3. For bigamy or for obtaining divorce etc, S. 50 says that marriage has to be proved beyond all reasonable doubt that all the rites and rituals have been gone through.Criminal liability cannot be foisted under our legal system on the basis of presumption of marriage.
4. This might look strange to some, but that is how the law is and how the Cours have interpreted it.
Jayesh Kumar (Querist) 16 May 2011
1.)Can somebody post me some judgements where in the COurts have convicted u/s 494 on drawing definate presumption that accused has married upon the evidance of long term live in relationship. 2.)Secondly what I think can be hammered on is that unless and until the parties have not married how else can they be living together as husband and wife and projecting the same to the society and also be putting the same on the documents.What do you say?
Jayesh Kumar (Querist) 16 May 2011
Section 3 Indian Evidance Act would rule over, I suppose??
It is like using section 112 Evidance Act to rebutt the cause and necessity for DNA sampling to determine the paternity. The Courts have overruled 112 for the very obvious reasons.
A decision I have with me give me a mixed feeling.

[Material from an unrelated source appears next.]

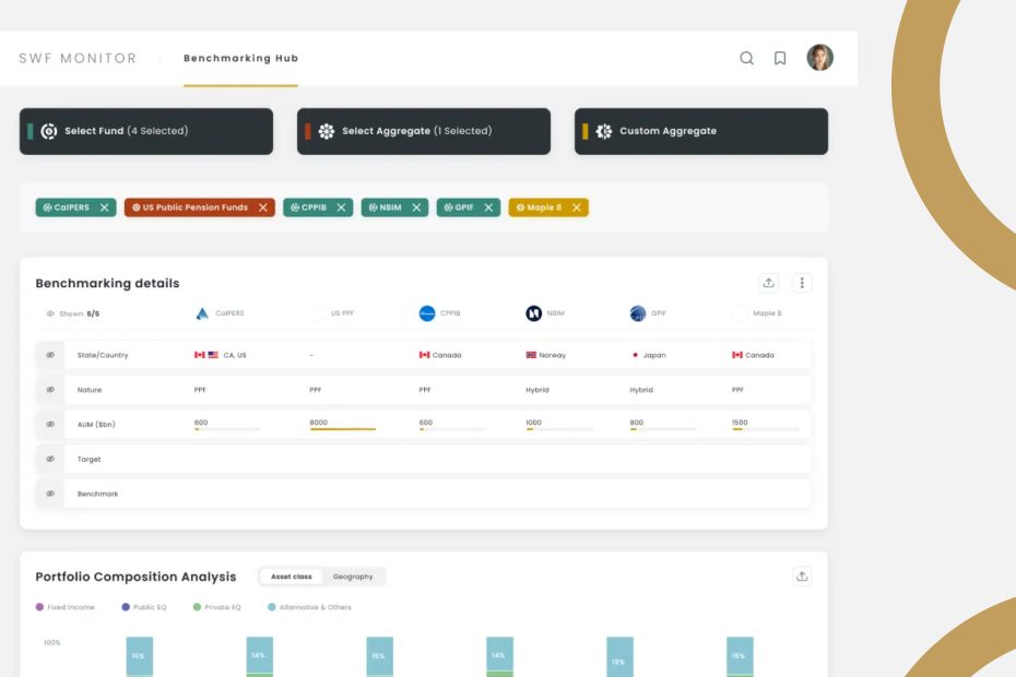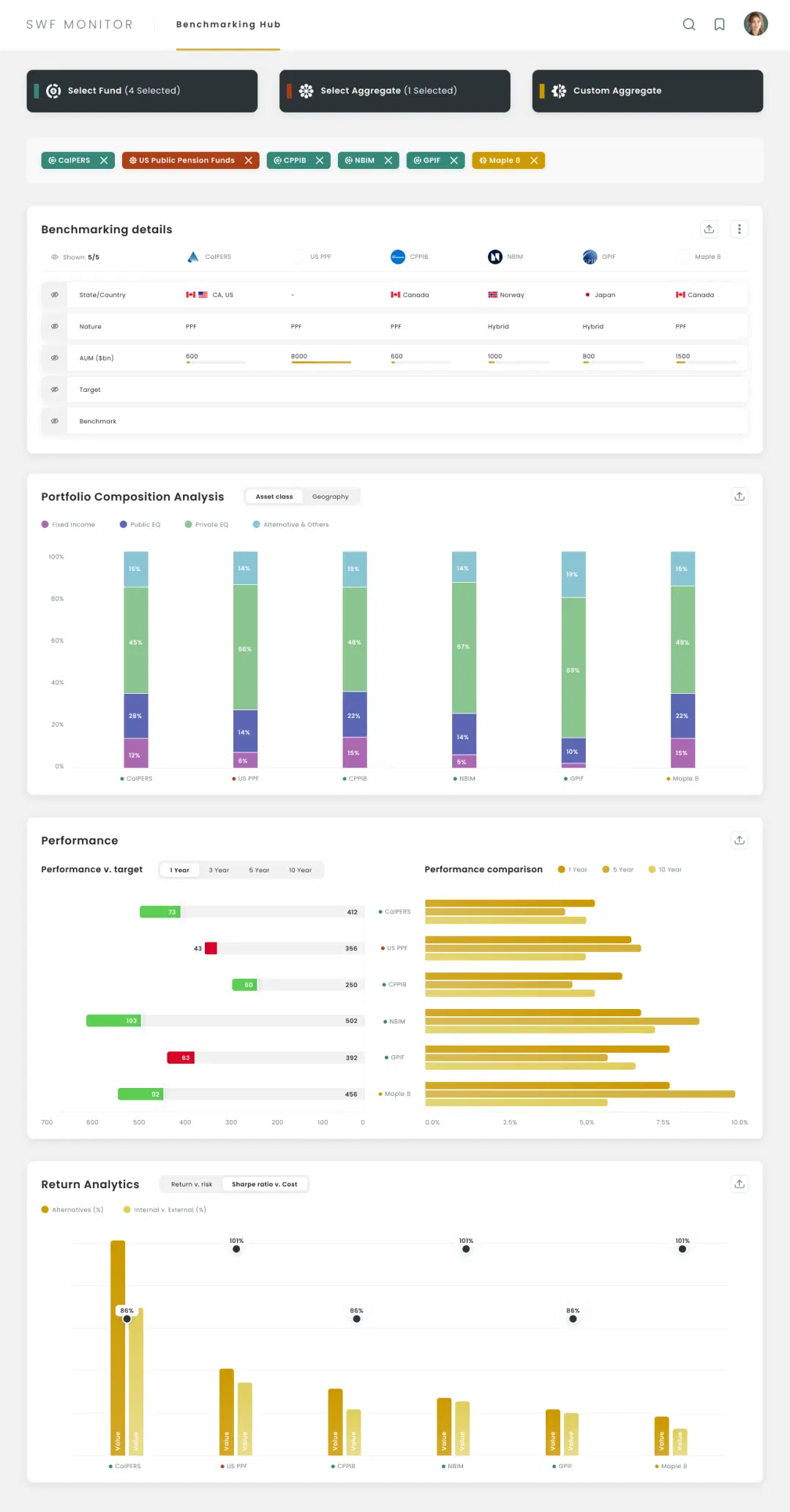 SWF Monitor es una plataforma SaaS de analítica especializada en fondos soberanos y fondos públicos de pensiones. Está dirigida a profesionales del sector financiero, economistas e instituciones que necesitan comparar el desempeño de estos fondos a través de métricas clave de rentabilidad y riesgo.
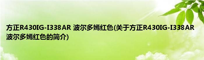 1、 方正R430IG-I338AR(波尔多嫣红色)是方正科技于2011年02月发布的一款家用笔记本电脑。

Secondly, recent judgement of Justices Arijit Pasayat and A K Ganguly in which they brushed aside the argument of appellant Subbarao that he can not be prosecuted under 498A as he and the complainant are not married but only in a live-in relationship. The bench observed, “Can a person who enters into a marital agreement be allowed to take shelter behind a smokescreen to contend that since there was no valid marriage, the question of dowry does not arise”. The bench further elaborated on the reasoning, saying, “Such legal niceties would destroy the purpose of the provisions. Such hairsplitting legalistic approach would encourage harassment of a woman over demand of money." So as asked for satisfaction of marraige if long term live in is deemed proved in nature of marraige the criminal prosecution for husband u/s498a can be used by the 2nd lady but the helpless first legally married wife battered by husband cannot get remedy for 494. Interesting :) What makes the first legally wedded wife with no benefits of law while the 2nd with all benefits of law. Is it not constitutionally incorrect to be granting unequal status?

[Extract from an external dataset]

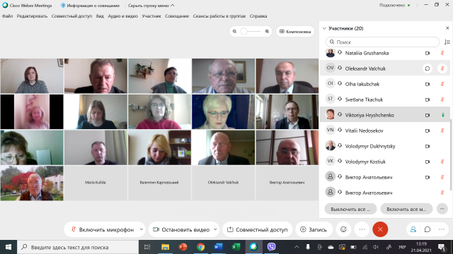 Онлайн-засідання науково-технічної ради НДІ здоров’я тварин відбулося 21 квітня 2021 р. У засіданні прийняли участь 17 членів науково-технічної ради НДІ здоров’я тварин, завідувачі кафедр факультету ветеринарної медицини та науково-педагогічні працівники. Черговий раз головував на засіданні професор Дмитро Засєкін.

Jayesh Kumar (Querist) 16 May 2011
Forgot the attachment. Here it is.
Guest (Expert) 16 May 2011
To be brief, although paternity about the children from second lady can be proved, but bigamy cannot be proved against the husband.

The question is not that many ladies like this suffer and they deserve justice and need is to check some appropriate case law. BUT the need is for seeking proper amendment in the relevant law. Why not the experts should take up the case collectively through their respective bar councils to echo the concern for amendment in the law rather than seeking precedents?
Jayesh Kumar (Querist) 16 May 2011
Expert Sir Dhingra, u suggesting a PIL with notice to the Centre Government?
What about the details I posted in the above2? Does it not resonate the law?